Hwang told Thayi that he gets about 50 interview requests a month from news organizations, but turns all of them down. Thayi told Variety "I went into this film thinking that I was going to find a crazy monster in the science, but I find that the science – there’s nothing really wrong with it, it’s pretty solid. I think it’s just as human beings, we’ve not really had discussions about where the science can take us... It has been possible to clone a human being for at least 10 years, the scientific ability is there, it’s just that somebody somewhere has to just do it. And then you’ll have to reckon with it. But I fear that we’ve not really spent so much time thinking about it."

==Reception==
In a pre-release article, Variety reported that this would be a "sensational documentary film featuring unprecedented access to South Korean scientist Hwang Woo-suk... Hwang’s rise to prominence started with his successful cloning of cows and pigs. In 2002, Hwang embarked upon human cloning research and partnered with Moon Shin-yong, an obstetrician with expertise in in-vitro fertilization. Their collaboration led to a major announcement in 2004, claiming the successful cloning of human embryos, with the potential to cure some diseases. The announcement fueled a heated debate on bioethics, despite Hwang and Moon emphasizing that their work focused solely on therapeutic purposes and strongly opposing reproductive cloning."

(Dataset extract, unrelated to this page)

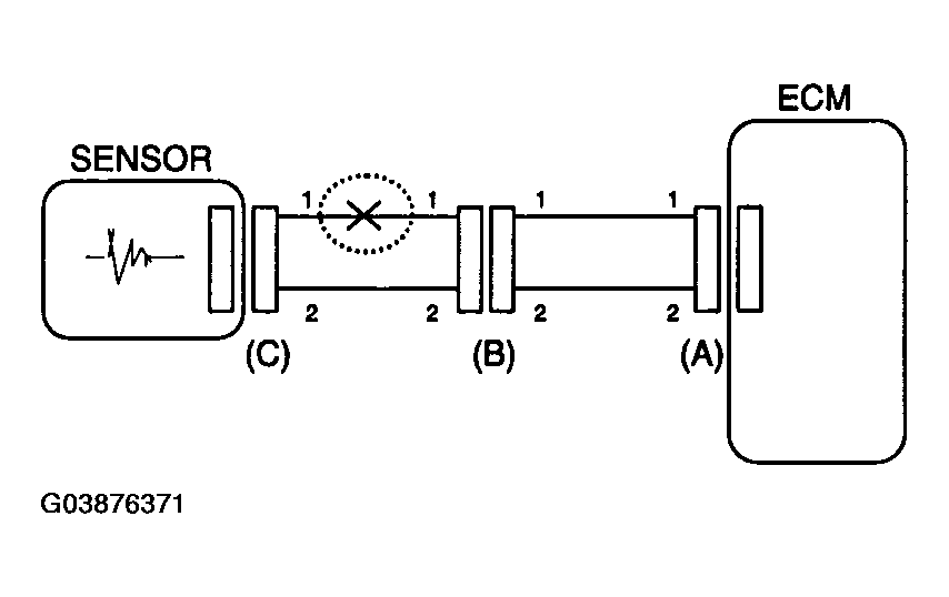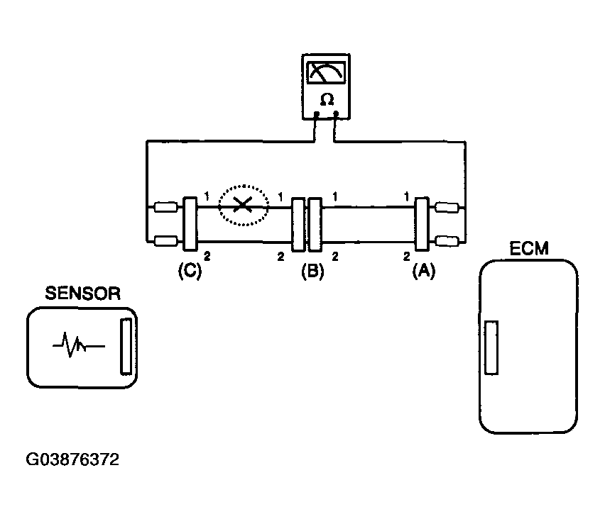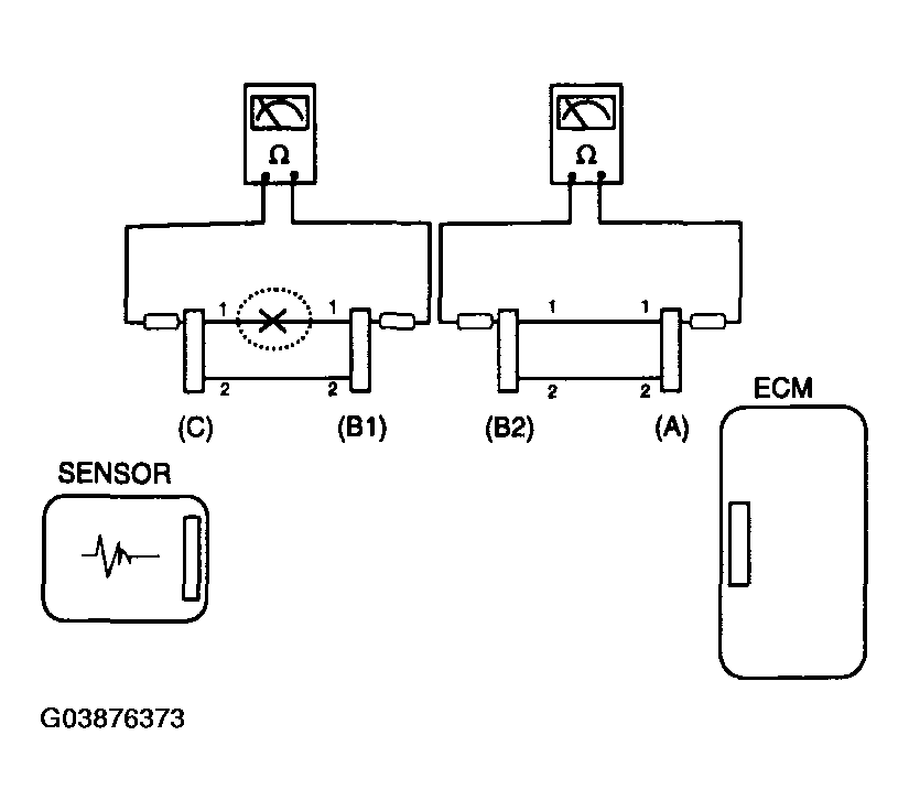 In this case the measured resistance between connector (C) and (B1) is higher than 1Mohm and the open circuit is between terminal 1 of connector (C) and terminal 1 of connector (B1).

The Daily Beast reported that the documentary "is a primer on the rise and fall of Hwang, a former superstar who currently plies his genetics trade in the United Arab Emirates, cloning camels for the rich and powerful, who covet them for both their attractiveness and their racing prowess." It also concluded that "King of Clones resounds as a plea for more rigorous cloning-research standards, especially considering that the Chinese have cloned two monkeys—meaning that, in effect, primates (including humans) are now duplicatable... Still, a more comprehensive examination would have benefited Thayi’s film, which generally serves as a surface-level portrait about a scientific advancement that could change the world for the better or the worse, and a man who knows how to wield it but can’t necessarily be trusted to do so."
According to Hwang “Grief is the catalyst. It’s where our cloning process really begins.” King of Clones reinforces that notion by profiling interventional radiologist Dr. Alexander Ruebben, who was so distraught over the passing of his French bulldog Csillo that—like Barbra Streisand—he opted to have the pet cloned. Ruebben talks lovingly about his pooch and shakes off criticisms of his conduct in a manner similar to Hwang, who states, “You can’t ignore a path just because it’s reckless.”

Nicole Ackman of Readysteadycut.com explains that the film explores Hwang's scientific discoveries, falls from favor, and actions after the scandal, but it also explains what cloning is "complete with simple animations that can help even the least STEM-oriented person understand the basic science behind it." The review says that "Thayi shows several examples of cloning to demonstrate all of the possible uses that Hwang was working towards. From recreating a beloved pet to bringing back an extinct animal, the possibilities are seemingly endless. Some personal stories of those wanting something or someone cloned are pretty touching," but concludes that "While King of Clones does a great job condensing very complicated information into a succinct documentary, I wish it took more of a stance on the complex moral issues it brings to light."

Rolling Stone called the film "a cautionary tale of a Korean genetic researcher whose revolutionary findings proved too good to be true, and said that Thayi "uses methods both playful... and serious, sometimes melding these approaches into something ultimately quite human."